As with all credentials, it is important that we don’t put them in the code — I don’t want someone finding my Twitter access details in Github. So, I also use DynamoDB to store my Twitter credentials

This means that our high-level approach consists of the following steps:

Get list of blog tweet templates
Get history of blog tweets
Choose random template, weighted so least tweeted is most likely
Get Twitter credentials
Tweet template + link to blog post
Update tweet history to reflect this new tweet
Use SNS to send e-mail notification

Setting up DynamoDB

I used the AWS online console to set up my DynamoDB tables. First select DynamoDB from the services menu and click on the create table option. In the dialog which opens, I chose blog-tweet-templates as the table name, and tweet-id (of type String) as the partition key (note that you will have to make sure you have sufficient permissions enable within AWS to allow this):

This will happen fairly quickly and then you will see a page showing the create item button:

Clicking on this button, you will be presented with a dialog allowing you to enter data. You will see only the partition key (template-id in our example) in the dialog. DynamoDB is schemaless, meaning we don’t need to define our fields upfront — we can add whatever fields we like in any record. For my templates, I created a field called slug, which will contain the slug of the article (for later tracking) and a field called message, which contains the text to go into the tweet:

When this is saved, you can see it in the items area in the web console. Here it is, with some other tweet templates added:

I then repeated the table creation step, to create a table with the name blog-tweet-history and a partition key of tweet-id. I didn’t create any items in this table, because it will be populated by the Lambda.

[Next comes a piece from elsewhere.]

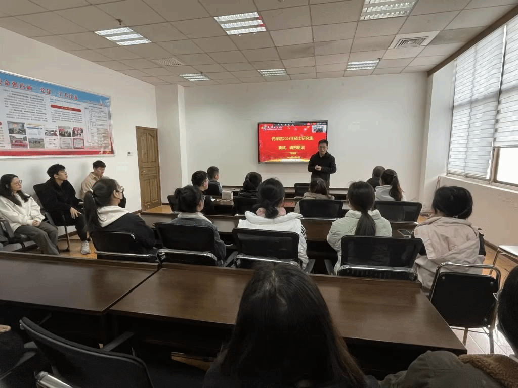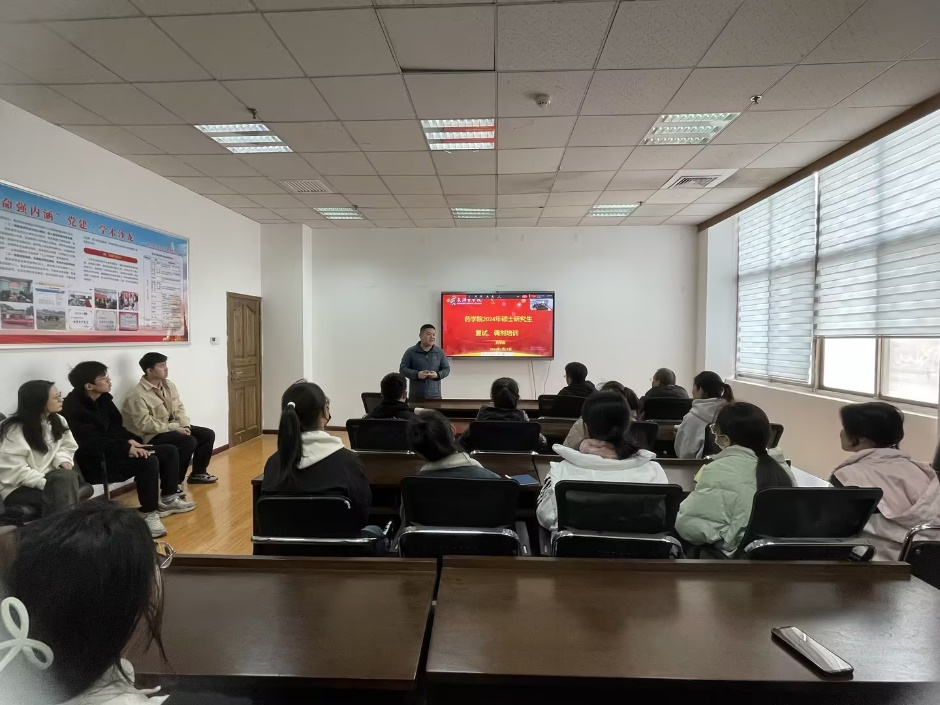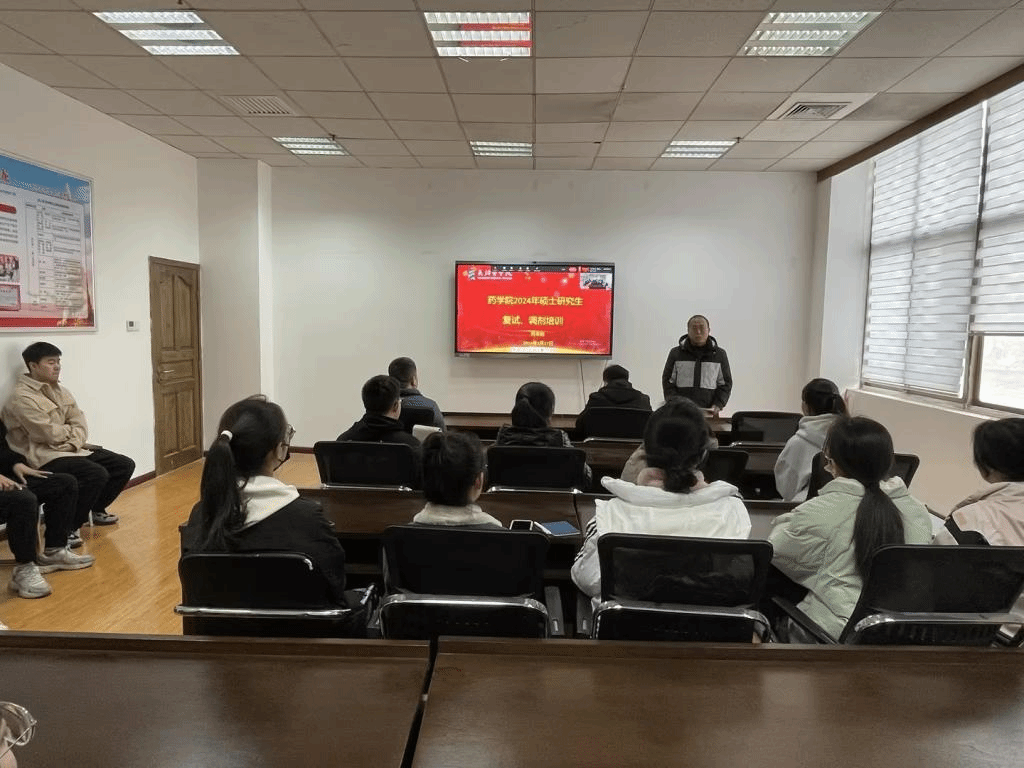 随着全国硕士研究生入学考试成绩及2024年全国硕士研究生招生考试考生进入复试的初试成绩基本要求公布,为帮助药学院考研学子明晰复试及调剂程序,3月17日,药学院举办了考研复试、调剂培训会。药学院党总支书记李俊波、院长贺艳斌、副院长段晓、毕业班辅导员和考研达线学生参加培训会。

Finally, I created a third table called blog-tweet-keys, which will contain the access keys needed for the Lambda to post to Twitter. For a full solution, we need to apply encryption to these, but that is the subject of a whole separate article. For this table, I set the partition key to be user, which will take the Twitter user ID the Lambda will post as (and allows me to develop it in the future, to support multiple accounts).

To get the credentials to store in this table, you will need to go to apps.twitter.com and create an application. This is a simple web form, with a few fields to complete, then you will be presented with the access tokens you need.

Once I got these credentials, I added them to my credentials table, with the following fields:

access-secret
access-token
consumer-key
consumer-secret

Which gave me the following:

I now have all the tables set up that I will need, so let’s start on the code side of things.

The package.json File

AWS Lambda has an online code editing box, which is fine for creating simple Lambdas, but this code has to do a fair amount and also needs to include an external module to interact with Twitter. For these reasons, I used the upload code to Lambda option instead. This means I needed to write the code locally, then zip it up and upload the zip file to AWS.

Our life is simpler if we use a package.json file, so here is the one I used:

{
  "name": "lambda-blog-post",
  "version": "1.0.0",
  "description": "Lambda function to send tweet for a blog post",
  "main": "run.js",
  "dependencies": {
    "aws-sdk": "^2.149.0",
    "twit": "^2.2.9"
  },
  "devDependencies": {},
  "scripts": {
    "test": "echo \"Error: no test specified\" && exit 1"
  },
  "author": "Ian Finch",
  "license": "ISC"
}

As you can see, it’s very simple — I only need the AWS SDK and the Twit module as dependencies, and I am going to create a run.js file which I can use from the command line, while I am developing the code.

Running Our Lambda Code from the Command Line

I want my actual code for the Lambda to be the same whether it’s running within the AWS Lambda service, or whether I run it from the command line. I will therefore write a small wrapper (called run.js) which I can call from the command line, this will require my actual Lambda code which can then be identical both locally and within AWS.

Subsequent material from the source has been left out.